Segment Start: Excerpted records
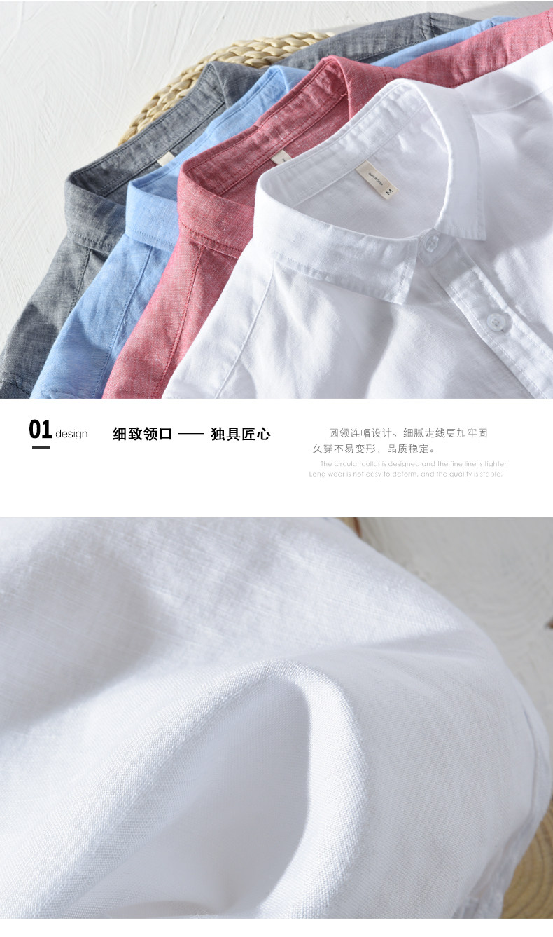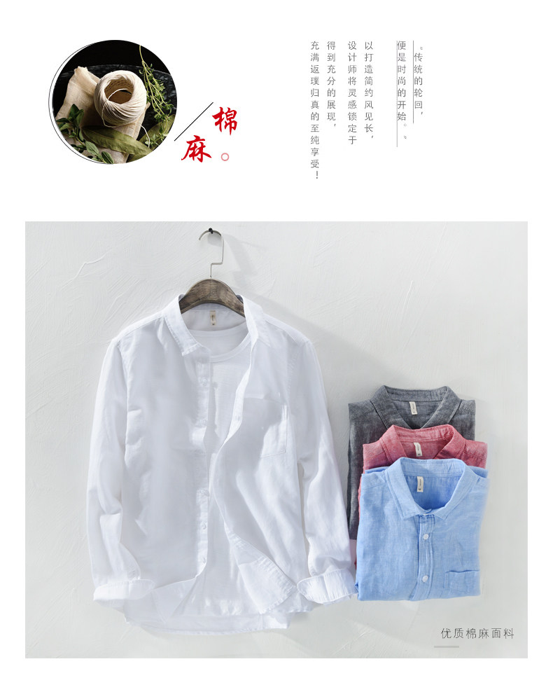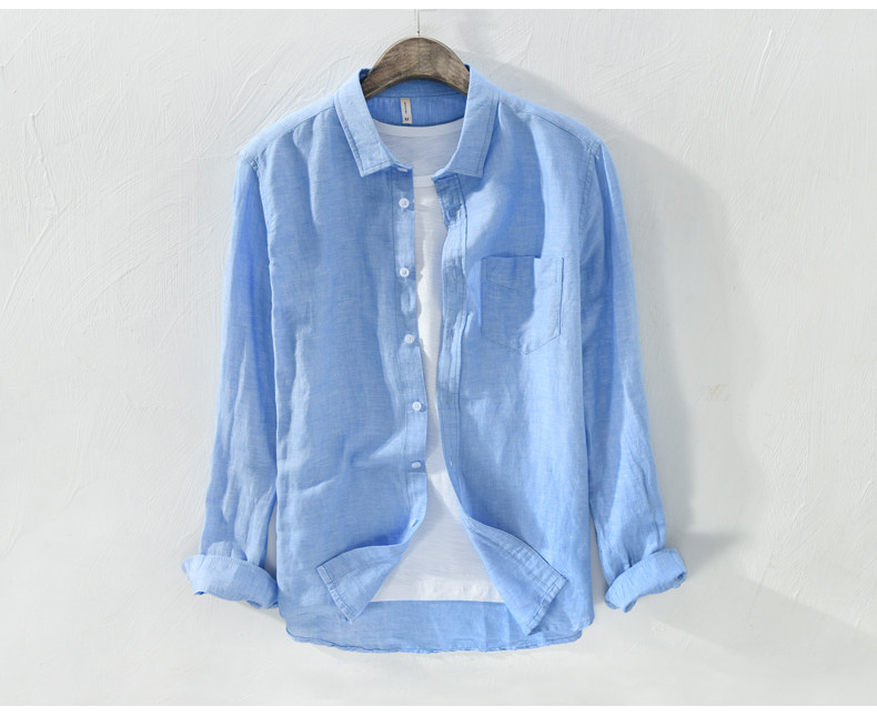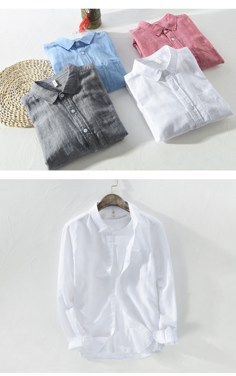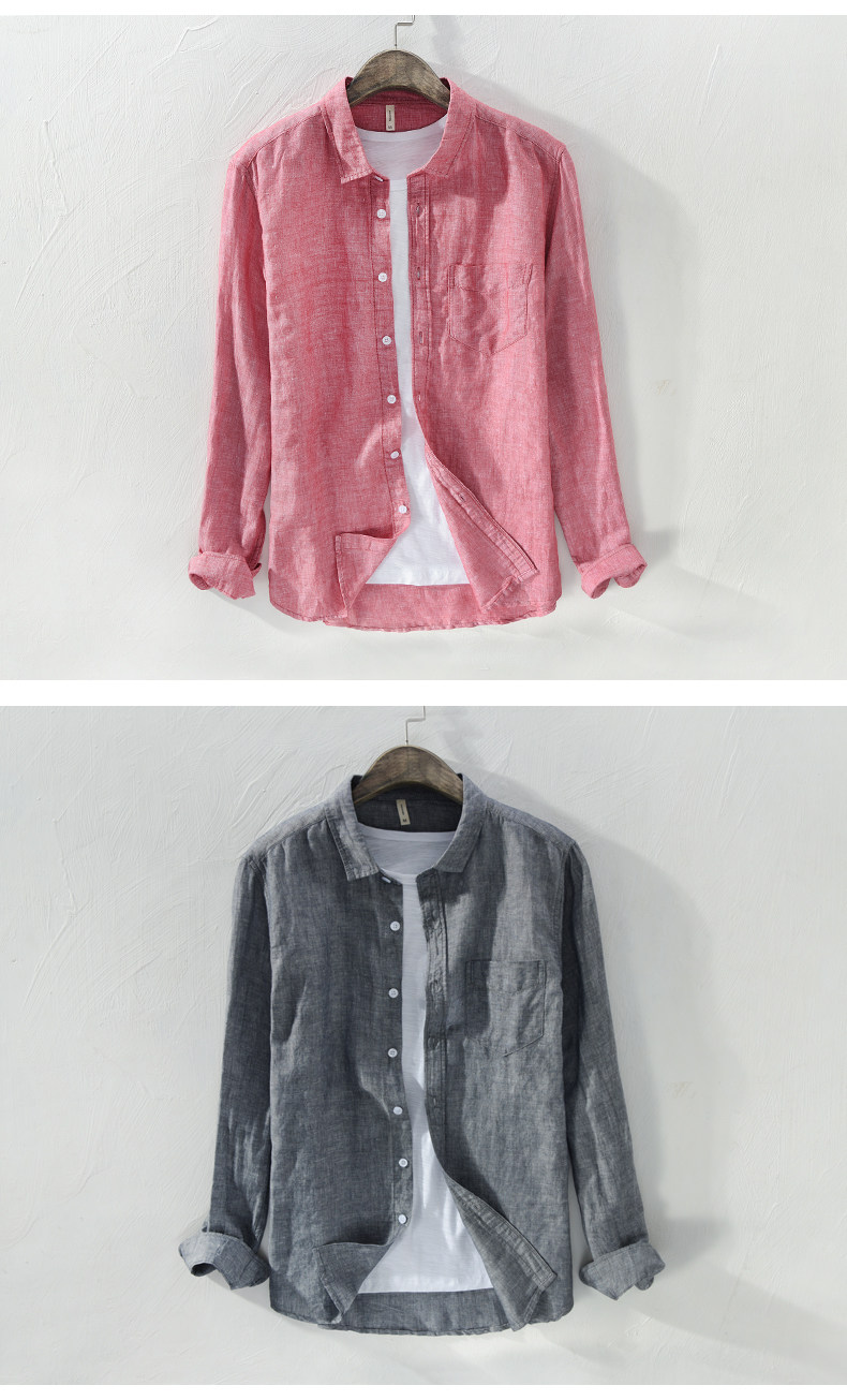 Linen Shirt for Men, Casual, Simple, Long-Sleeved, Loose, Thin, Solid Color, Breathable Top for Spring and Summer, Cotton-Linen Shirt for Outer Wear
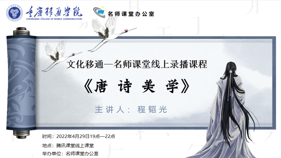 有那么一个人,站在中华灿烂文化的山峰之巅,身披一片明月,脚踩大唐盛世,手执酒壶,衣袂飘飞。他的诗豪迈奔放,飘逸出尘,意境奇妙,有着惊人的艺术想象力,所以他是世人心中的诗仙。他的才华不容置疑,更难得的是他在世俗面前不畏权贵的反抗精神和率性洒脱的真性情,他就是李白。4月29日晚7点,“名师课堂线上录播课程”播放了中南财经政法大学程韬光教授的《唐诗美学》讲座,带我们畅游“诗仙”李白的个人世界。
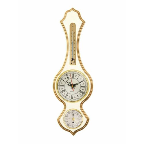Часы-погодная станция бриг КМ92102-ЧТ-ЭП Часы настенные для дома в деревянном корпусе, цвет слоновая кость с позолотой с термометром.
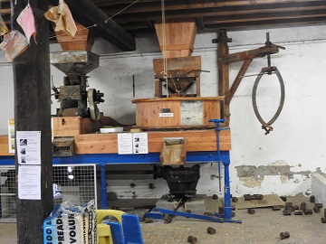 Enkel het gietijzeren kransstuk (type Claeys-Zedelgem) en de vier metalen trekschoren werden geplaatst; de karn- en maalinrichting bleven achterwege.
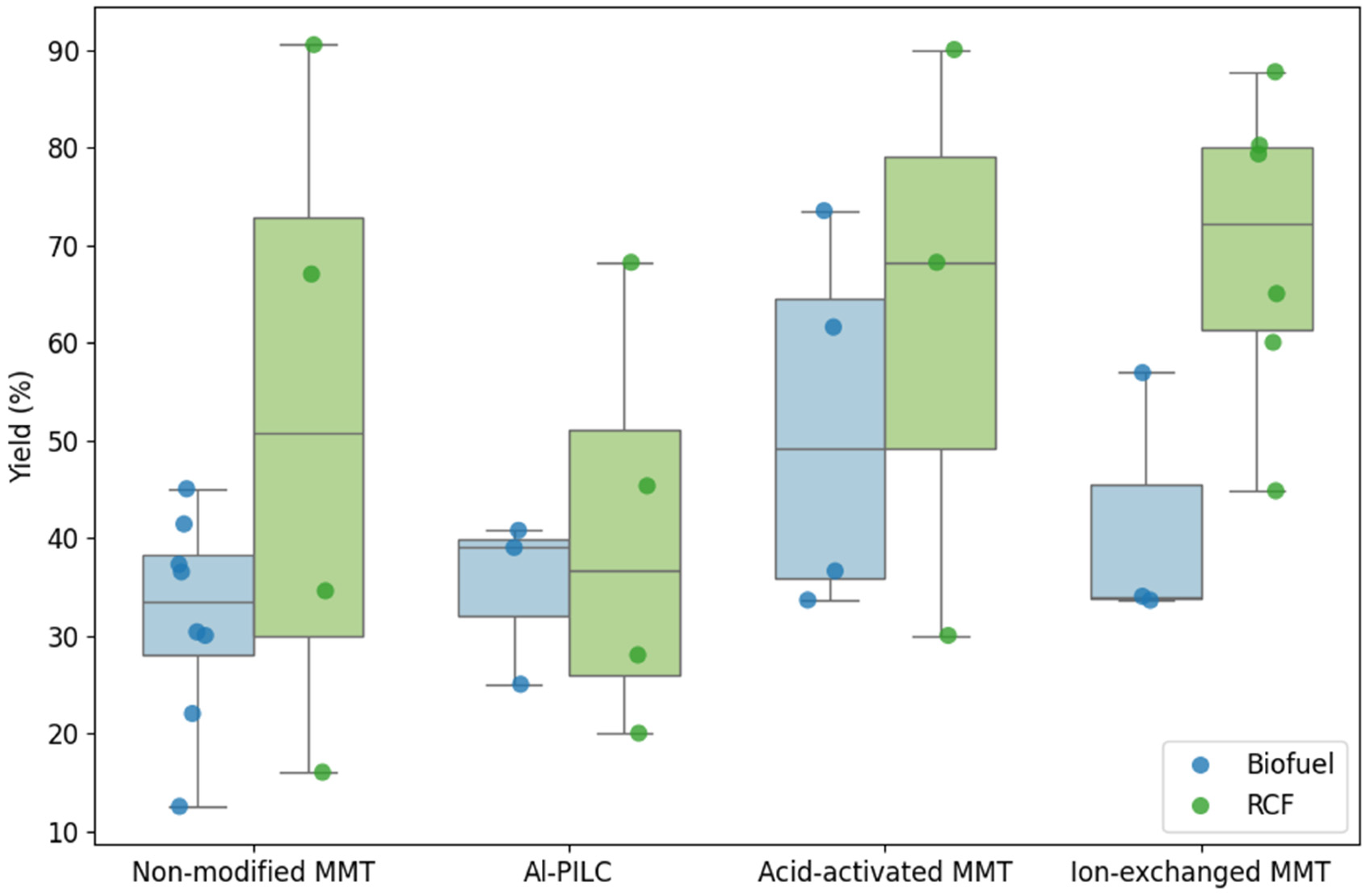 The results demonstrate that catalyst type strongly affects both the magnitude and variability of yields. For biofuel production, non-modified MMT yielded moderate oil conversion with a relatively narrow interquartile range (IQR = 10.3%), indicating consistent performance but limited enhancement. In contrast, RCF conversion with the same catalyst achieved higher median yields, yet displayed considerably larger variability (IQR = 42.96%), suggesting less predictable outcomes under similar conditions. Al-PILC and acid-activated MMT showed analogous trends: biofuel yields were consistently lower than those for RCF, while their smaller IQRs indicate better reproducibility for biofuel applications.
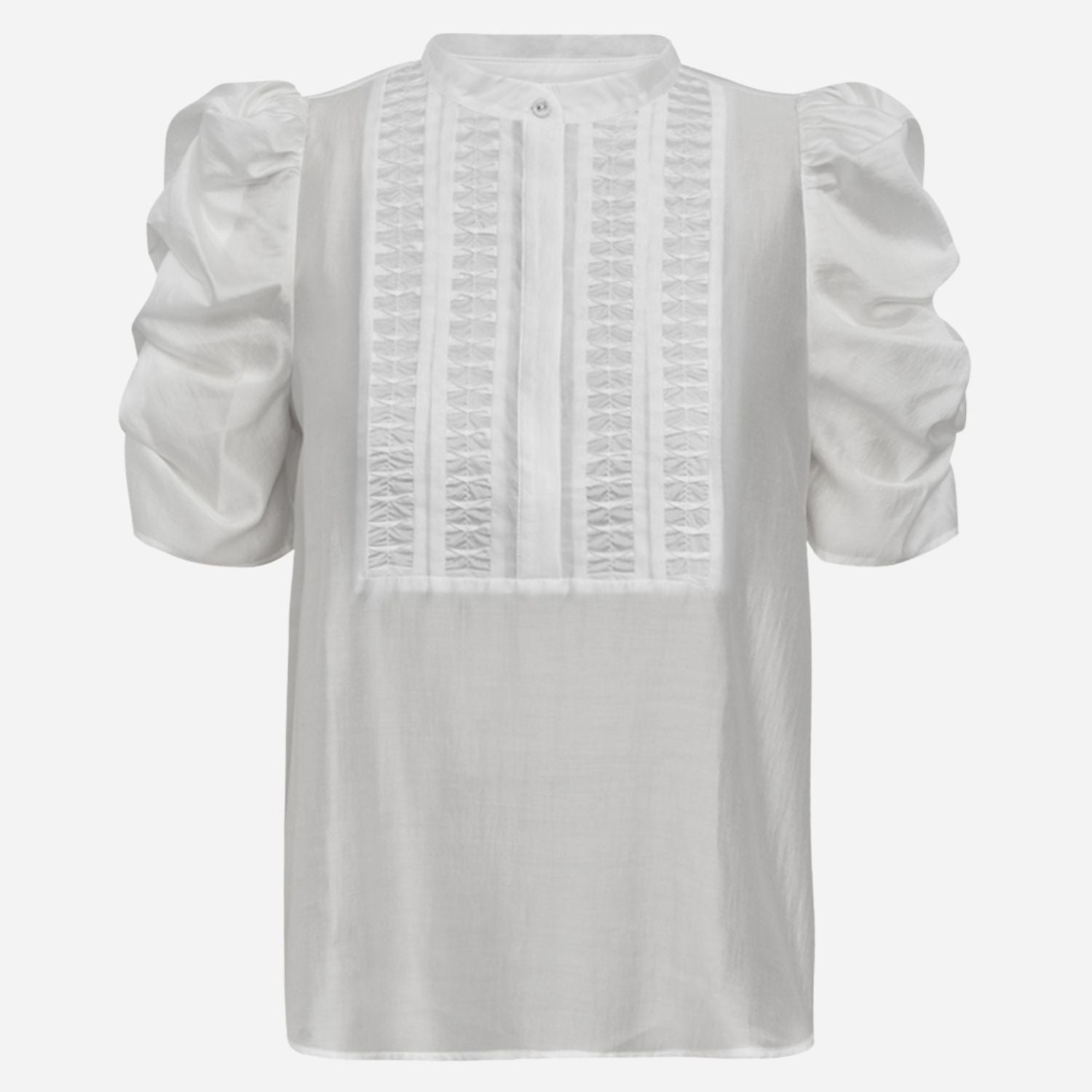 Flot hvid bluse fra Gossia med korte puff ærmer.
Segment End: Excerpted records
**Description of the task**
Line for line, restate the data above and omit every picture.

**Expected answer**
 Linen Shirt for Men, Casual, Simple, Long-Sleeved, Loose, Thin, Solid Color, Breathable Top for Spring and Summer, Cotton-Linen Shirt for Outer Wear
 有那么一个人,站在中华灿烂文化的山峰之巅,身披一片明月,脚踩大唐盛世,手执酒壶,衣袂飘飞。他的诗豪迈奔放,飘逸出尘,意境奇妙,有着惊人的艺术想象力,所以他是世人心中的诗仙。他的才华不容置疑,更难得的是他在世俗面前不畏权贵的反抗精神和率性洒脱的真性情,他就是李白。4月29日晚7点,“名师课堂线上录播课程”播放了中南财经政法大学程韬光教授的《唐诗美学》讲座,带我们畅游“诗仙”李白的个人世界。
Часы-погодная станция бриг КМ92102-ЧТ-ЭП Часы настенные для дома в деревянном корпусе, цвет слоновая кость с позолотой с термометром.
 Enkel het gietijzeren kransstuk (type Claeys-Zedelgem) en de vier metalen trekschoren werden geplaatst; de karn- en maalinrichting bleven achterwege.
 The results demonstrate that catalyst type strongly affects both the magnitude and variability of yields. For biofuel production, non-modified MMT yielded moderate oil conversion with a relatively narrow interquartile range (IQR = 10.3%), indicating consistent performance but limited enhancement. In contrast, RCF conversion with the same catalyst achieved higher median yields, yet displayed considerably larger variability (IQR = 42.96%), suggesting less predictable outcomes under similar conditions. Al-PILC and acid-activated MMT showed analogous trends: biofuel yields were consistently lower than those for RCF, while their smaller IQRs indicate better reproducibility for biofuel applications.
 Flot hvid bluse fra Gossia med korte puff ærmer.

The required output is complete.